La réforme de l’ENA est un élément essentiel pour la réforme de l’Etat, et qu’il est devenu urgent de transformer en profondeur les conditions actuelles de la formation des énarques, selon trois orientations :

L’ouverture sur la société et la diversité du recrutement. Il est temps de rompre l’enfermement de la haute fonction publique sur elle-même. Pour cela, il est nécessaire que le recrutement des élèves soit plus varié pour assurer une meilleure représentativité de la société française. Mais il faut aussi, pour mieux répondre aux demandes de tous les citoyens, que les élèves de l’ENA suivent des enseignements de sciences sociales, indispensables pour comprendre la réalité sociale et économique dans laquelle s’inscrivent les politiques publiques.

La préparation à la réforme. Les échecs récents de plusieurs grandes réformes ainsi que l’immobilisme des administrations témoignent de certaines insuffisances de l’Etat. Pour y répondre, la sociologie administrative, les études de cas de politique publique, la gestion de projet, la communication, la négociation et la conduite du changement devraient faire partie des principaux enseignements d’une école qui prétend former « les acteurs de la réforme de l’Etat ». La mise en place d’un pôle de recherche sur l’administration comparée et la réforme de l’Etat permettrait en outre d’en faire un lieu de réflexion et de création, notamment de méthodes d’action nouvelles.
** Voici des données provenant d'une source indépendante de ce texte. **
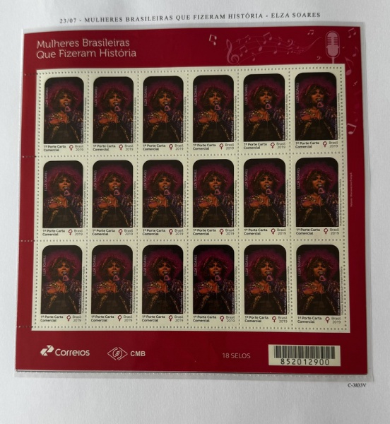 • 2019 - Comemorativo. Mulheres Brasileiras - Elza Soares. Folha c/ 18 selos + vinheta, C3833 (vide foto) - mint.

Le management public. Pour adapter les structures et les méthodes de l’administration aux évolutions de la société et du monde du travail, cette école doit préparer ses fonctionnaires à être des organisateurs, des initiateurs de nouvelles méthodes et, par-dessus tout, des entraîneurs d’hommes et de femmes ; et pour cela, donner une grande place aux enseignements managériaux (gestion des ressources humaines, animation d’équipes, services à l’usager, organisation des services...). La maîtrise de ces compétences est indispensable pour que les capacités professionnelles des anciens élèves continuent de justifier le niveau des responsabilités qui leur sont confiées.

Alors écoutez les médias et les deux clowns pathétiques, Hollande et Sarkozy, railler M. Bayrou si ça vous chante, mais reconnaissez que l’immobilisme n’est pas là où ils le prétendent.

La réforme de l’ENA n’est pas démagogique.